* _What the task asks_: In the records below, find the line with "Damask-patterned jacquard in" and the line with "免疫细胞(蓝色)出芽生成艾滋". Print both exactly, along with every line between them, and no other line.

* _Record set_:
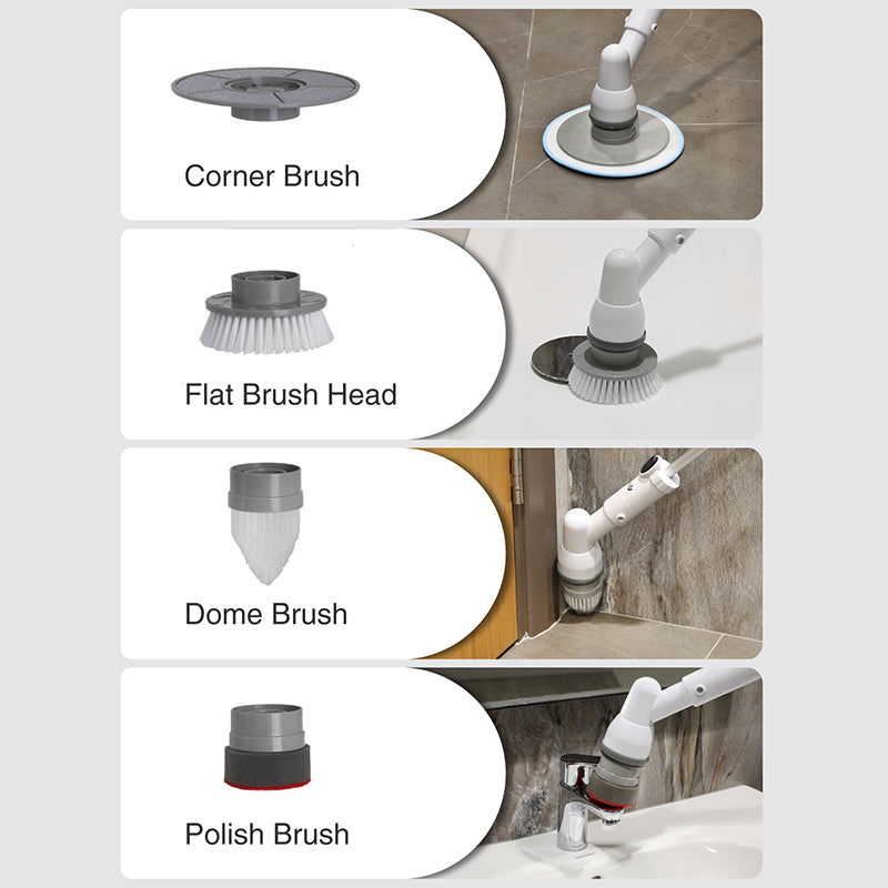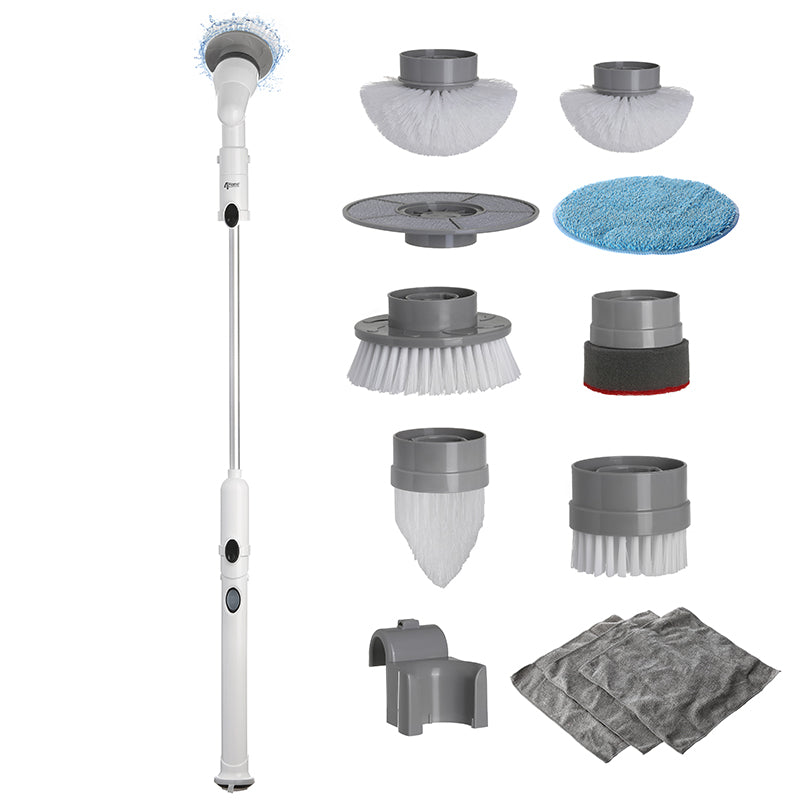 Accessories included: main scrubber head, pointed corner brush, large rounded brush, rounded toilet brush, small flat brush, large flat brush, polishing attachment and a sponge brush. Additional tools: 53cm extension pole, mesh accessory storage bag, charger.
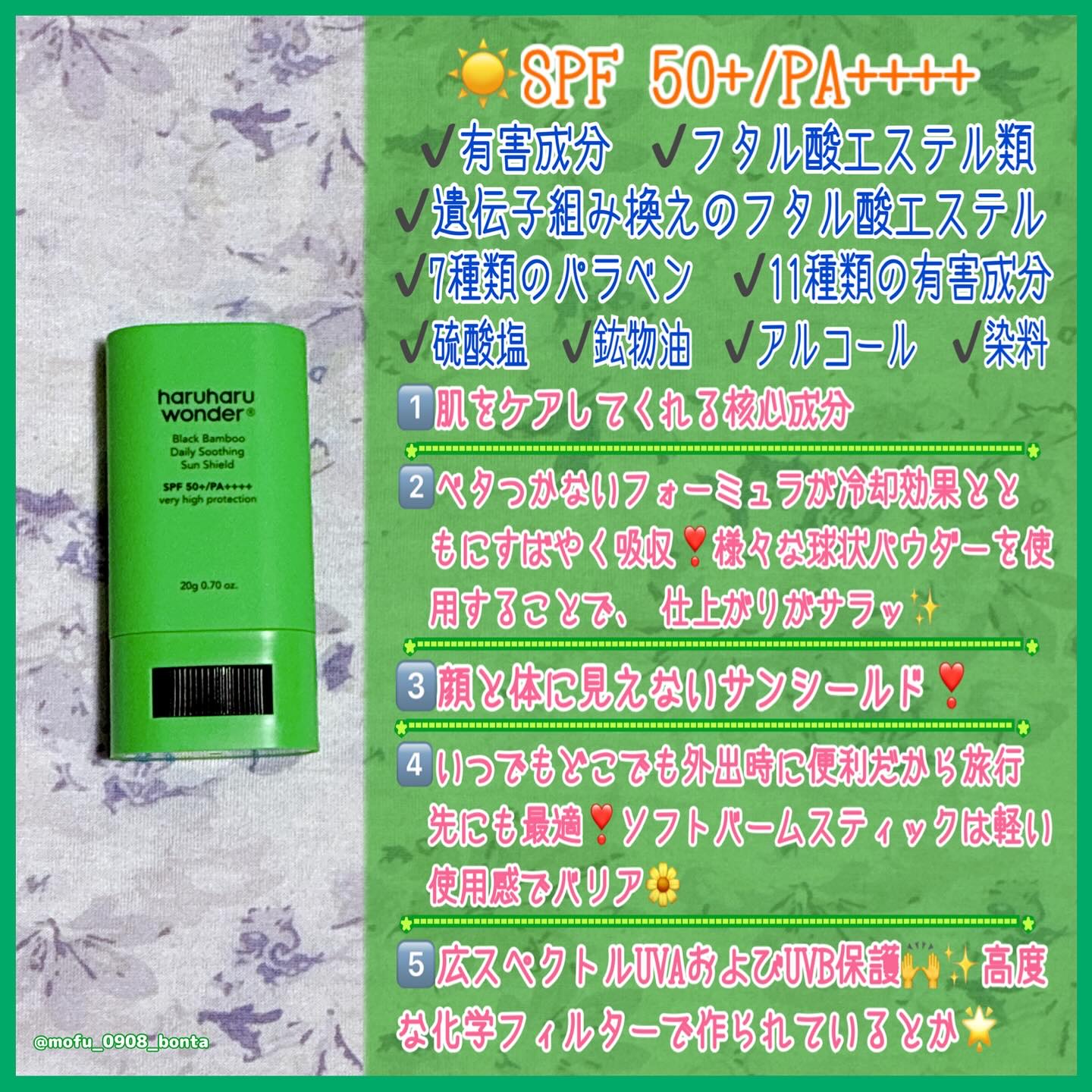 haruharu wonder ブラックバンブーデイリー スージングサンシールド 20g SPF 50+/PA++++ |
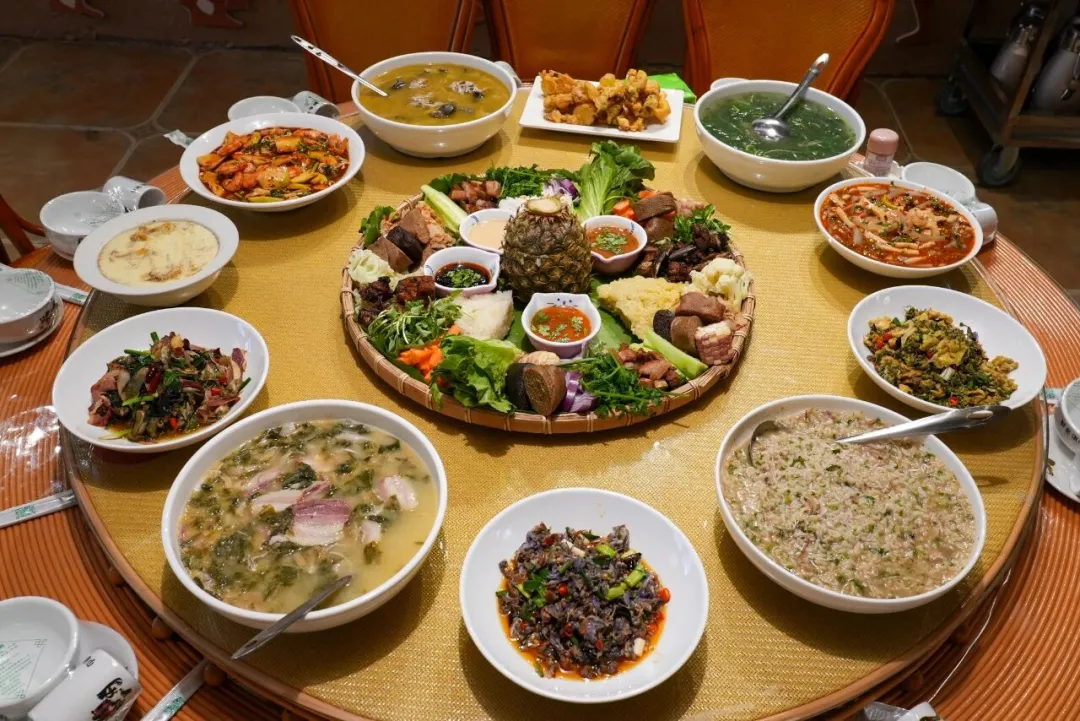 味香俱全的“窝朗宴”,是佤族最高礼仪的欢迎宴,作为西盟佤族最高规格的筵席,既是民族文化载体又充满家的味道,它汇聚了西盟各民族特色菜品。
* * *
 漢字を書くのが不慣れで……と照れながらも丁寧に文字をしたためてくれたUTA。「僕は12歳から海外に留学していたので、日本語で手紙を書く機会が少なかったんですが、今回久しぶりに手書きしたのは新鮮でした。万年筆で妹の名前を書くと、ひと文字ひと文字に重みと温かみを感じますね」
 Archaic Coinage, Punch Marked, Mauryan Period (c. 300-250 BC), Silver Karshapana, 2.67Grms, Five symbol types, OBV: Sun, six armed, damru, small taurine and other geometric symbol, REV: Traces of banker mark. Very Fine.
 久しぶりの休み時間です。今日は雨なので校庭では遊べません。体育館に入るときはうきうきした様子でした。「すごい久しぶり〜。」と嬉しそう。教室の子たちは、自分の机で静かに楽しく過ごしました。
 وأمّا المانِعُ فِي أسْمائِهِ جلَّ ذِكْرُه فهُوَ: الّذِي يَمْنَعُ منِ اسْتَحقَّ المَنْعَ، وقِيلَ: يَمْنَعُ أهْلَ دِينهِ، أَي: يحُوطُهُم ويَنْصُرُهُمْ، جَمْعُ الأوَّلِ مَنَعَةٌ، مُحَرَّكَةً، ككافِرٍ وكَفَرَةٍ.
==
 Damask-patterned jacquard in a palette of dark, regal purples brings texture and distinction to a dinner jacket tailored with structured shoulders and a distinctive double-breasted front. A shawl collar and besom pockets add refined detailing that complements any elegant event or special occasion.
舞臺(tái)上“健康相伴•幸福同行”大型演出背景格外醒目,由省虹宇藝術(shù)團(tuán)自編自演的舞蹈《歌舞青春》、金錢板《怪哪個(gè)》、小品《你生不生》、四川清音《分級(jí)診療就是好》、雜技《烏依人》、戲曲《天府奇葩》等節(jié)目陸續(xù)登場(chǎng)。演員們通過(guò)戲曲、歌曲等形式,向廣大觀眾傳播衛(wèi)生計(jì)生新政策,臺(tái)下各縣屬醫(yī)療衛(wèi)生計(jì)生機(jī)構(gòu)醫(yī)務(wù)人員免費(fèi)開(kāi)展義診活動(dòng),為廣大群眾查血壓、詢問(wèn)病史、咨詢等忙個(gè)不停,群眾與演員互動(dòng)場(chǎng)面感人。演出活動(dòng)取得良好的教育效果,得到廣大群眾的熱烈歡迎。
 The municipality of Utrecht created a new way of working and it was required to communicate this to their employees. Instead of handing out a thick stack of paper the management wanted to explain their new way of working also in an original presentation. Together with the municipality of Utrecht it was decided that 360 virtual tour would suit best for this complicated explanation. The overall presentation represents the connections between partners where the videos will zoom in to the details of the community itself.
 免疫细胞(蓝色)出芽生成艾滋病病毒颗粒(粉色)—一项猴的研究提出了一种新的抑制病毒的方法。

* _Solution to this exercise_:
 Damask-patterned jacquard in a palette of dark, regal purples brings texture and distinction to a dinner jacket tailored with structured shoulders and a distinctive double-breasted front. A shawl collar and besom pockets add refined detailing that complements any elegant event or special occasion.
舞臺(tái)上“健康相伴•幸福同行”大型演出背景格外醒目,由省虹宇藝術(shù)團(tuán)自編自演的舞蹈《歌舞青春》、金錢板《怪哪個(gè)》、小品《你生不生》、四川清音《分級(jí)診療就是好》、雜技《烏依人》、戲曲《天府奇葩》等節(jié)目陸續(xù)登場(chǎng)。演員們通過(guò)戲曲、歌曲等形式,向廣大觀眾傳播衛(wèi)生計(jì)生新政策,臺(tái)下各縣屬醫(yī)療衛(wèi)生計(jì)生機(jī)構(gòu)醫(yī)務(wù)人員免費(fèi)開(kāi)展義診活動(dòng),為廣大群眾查血壓、詢問(wèn)病史、咨詢等忙個(gè)不停,群眾與演員互動(dòng)場(chǎng)面感人。演出活動(dòng)取得良好的教育效果,得到廣大群眾的熱烈歡迎。
 The municipality of Utrecht created a new way of working and it was required to communicate this to their employees. Instead of handing out a thick stack of paper the management wanted to explain their new way of working also in an original presentation. Together with the municipality of Utrecht it was decided that 360 virtual tour would suit best for this complicated explanation. The overall presentation represents the connections between partners where the videos will zoom in to the details of the community itself.
 免疫细胞(蓝色)出芽生成艾滋病病毒颗粒(粉色)—一项猴的研究提出了一种新的抑制病毒的方法。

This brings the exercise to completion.